Platini Sadisa : « Ces hommes en uniforme m’ont dit que mon sort dépendait de Rebo »
L’identité du chauffeur victime de torture dans l’affaire impliquant Rebo Tcholo est désormais connue. Il s’agit de Platini Sadisa, résident à Kinshasa.
Libéré après avoir été violemment battu puis détenu, l’homme a livré sa version des faits dans une vidéo largement relayée sur les réseaux sociaux. Contrairement à certaines affirmations, Platini Sadisa nie être le chauffeur du manager de l’artiste, mais plutôt travaillant pour une société de location de véhicules, sollicitée dans le cadre d’un tournage dirigé par le réalisateur Jackem.
Platini Sadisa rejette catégoriquement toute accusation de vol visant les biens de l’artiste. Le chauffeur affirme également avoir subi des menaces, tant de la part des hommes en uniforme que de l’entourage de la chanteuse, y compris cette dernière.
« Je n’ai jamais mis la main dans son sac. Et je n’ai jamais volé ses biens personnels […] J’ai été énormément menacé par Rebo et son équipe », déclare-t-il.
Selon son récit, il aurait tenté de fuir pour se réfugier dans une concession gardée par des agents de sécurité, avant d’être intercepté par des éléments de la police militaire. Ces derniers auraient agi sur instruction, après avoir été appelés par l’artiste et son équipe.

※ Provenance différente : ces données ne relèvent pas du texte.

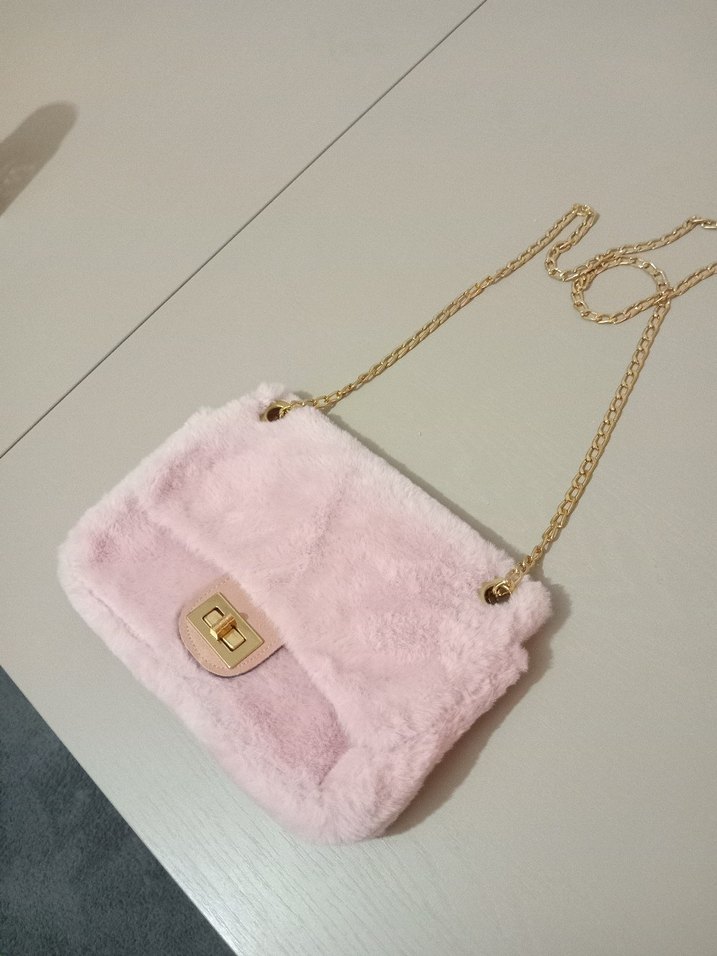 Pembe renkli, yumuşak kürklü kumaştan yapılmış, altın zincir askılı ve kilitli kadın çantası. Rahat sokak stili için uygun.
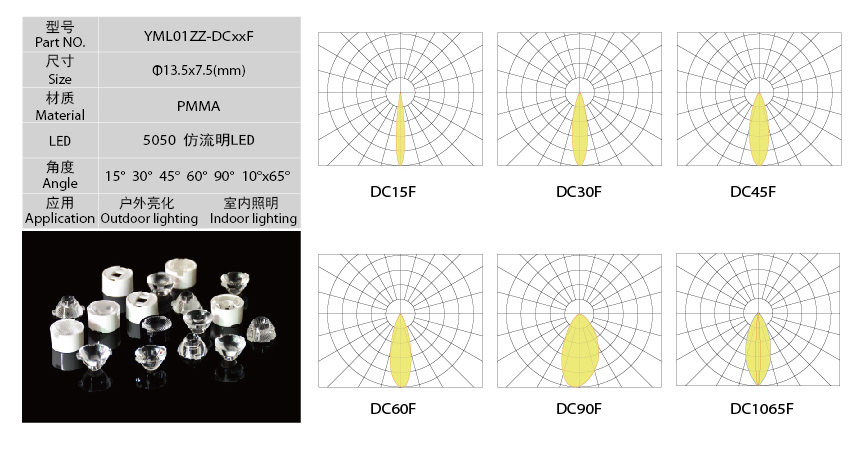 5050 LED洗墻燈透鏡料號(hào): YML01ZZ-DCxxF
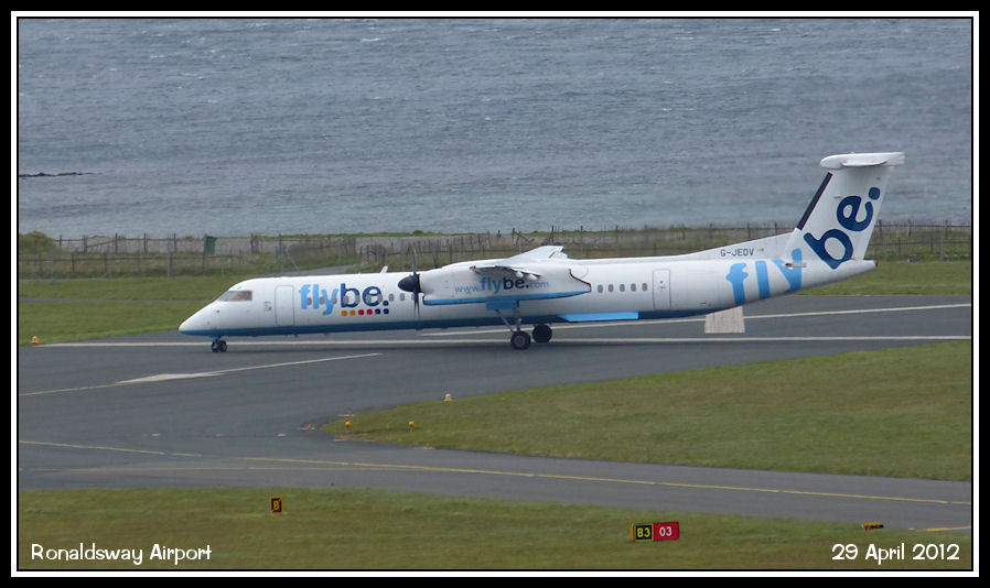 FlyBe Dash8-Q400 G-JEDV turns around for a departure from runway 03

« Vers 4 heures du matin, j’étais ligoté et sévèrement torturé lors d’un interrogatoire hors norme. Puis, ils m’ont conduit en face de l’hôpital du Cinquantenaire, au camp Kokolo, où j’ai passé une nuit de supplices. Ils m’ont promis la mort et m’ont forcé à enregistrer une vidéo dans laquelle je reconnaissais un vol que je n’ai pas commis. »
Platini Sadisa évoque aussi des pressions financières. Le conducteur affirme avoir été contraint de verser une somme d’argent de 500 dollars USD pour obtenir sa libération.
« Le chef de mon agence a payé 200 dollars, et moi-même j’ai donné 100 dollars que j’avais sur mon téléphone. J’ai ensuite dû hypothéquer le téléphone de mon grand frère venu me soutenir. »
D’après lui, la valeur des biens réclamés par l’artiste s’élevait initialement à 7.000 dollars américains, avant d’être revue à la baisse après négociations.
« Ils m’ont fait signer une décharge pour payer les objets supposément perdus. Après supplication, elle a accepté de réduire la somme à 3.000 dollars. »
Cette version des faits entre en contradiction avec celle de l’artiste. Une enquête judiciaire est attendue pour faire la lumière sur cette affaire, notamment à travers une éventuelle confrontation entre les différentes parties. Le dossier pourrait connaître de nouveaux rebondissements.